如何在scipy中模擬2-樣本t檢驗。

[英]howto emulate 2-sample t-test in scipy

I'm trying to emulate MS Excel's t-probe function in Python. I need to do this because I have to automate some calculations there were previously done in Excel. Here is my test program:

``````import scipy.stats
a = [5, 0.9,  -0.4, -0.9, 0.5, 0.8, 0.2, 0.2, 0, -0.8]
b = [1.1, 0.9, -0.5, -0.7, 0.6, 0.7, 0.3, 0.1, -0.1, -0.7]

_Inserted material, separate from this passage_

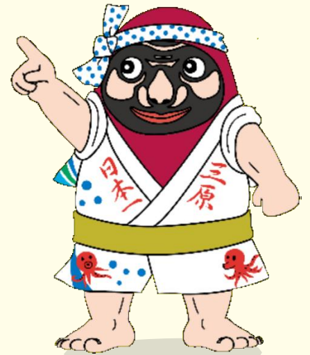
三原市公式マスコットキャラクター やさだるマン

空き家とは、年間を通して居住その他の使用がなされていないことが常態となっている建築物のことをいいます。

print scipy.stats.ttest_ind(a,b, equal_var=True)
``````

This is the result:

``````(array(0.6661542796363409), 0.51376033318001801)
``````

However, Excel gives this value for the same input: 0.35844407

I noticed that they have used tail=2 parameter (see http://office.microsoft.com/en-us/excel-help/ttest-HP005209325.aspx ). Unfortunately, I have no idea how to calculate two tailed t-test with scipy. (In fact I don't know what it is.)

Another very strange thing is that in scipy, I get a sightly different result when I change the order of samples. E.g. if I move -0.7 to the head of b, then I get 0.51376033318001824 instead of 0.51376033318001801. Not a big difference, but still.

For Excel, it is a whole new story - looks like the two tailed t-test gives a significantly different result when the order of samples is different.

The question is: how can I emulate Excel's version of two tailed t-test in scipy?

1 个解决方案

#1

5

It looks like `Excel` is computing `ttest_rel`:

``````In [15]: import scipy.stats as stats

In [20]: stats.ttest_rel(a, b)
Out[20]: (array(0.9677712267394081), 0.35844406902161985)
``````

Use `stats.ttest_rel` when `a` and `b` are related. The docs say:

Examples for the use [of ttest_rel] are scores of the same set of student in different exams, or repeated sampling from the same units.

Use stats.ttest_ind when `a` and `b` are independent.

We can use [ttest_ind], if we observe two independent samples from the same or different population, e.g. exam scores of boys and girls or of two ethnic groups.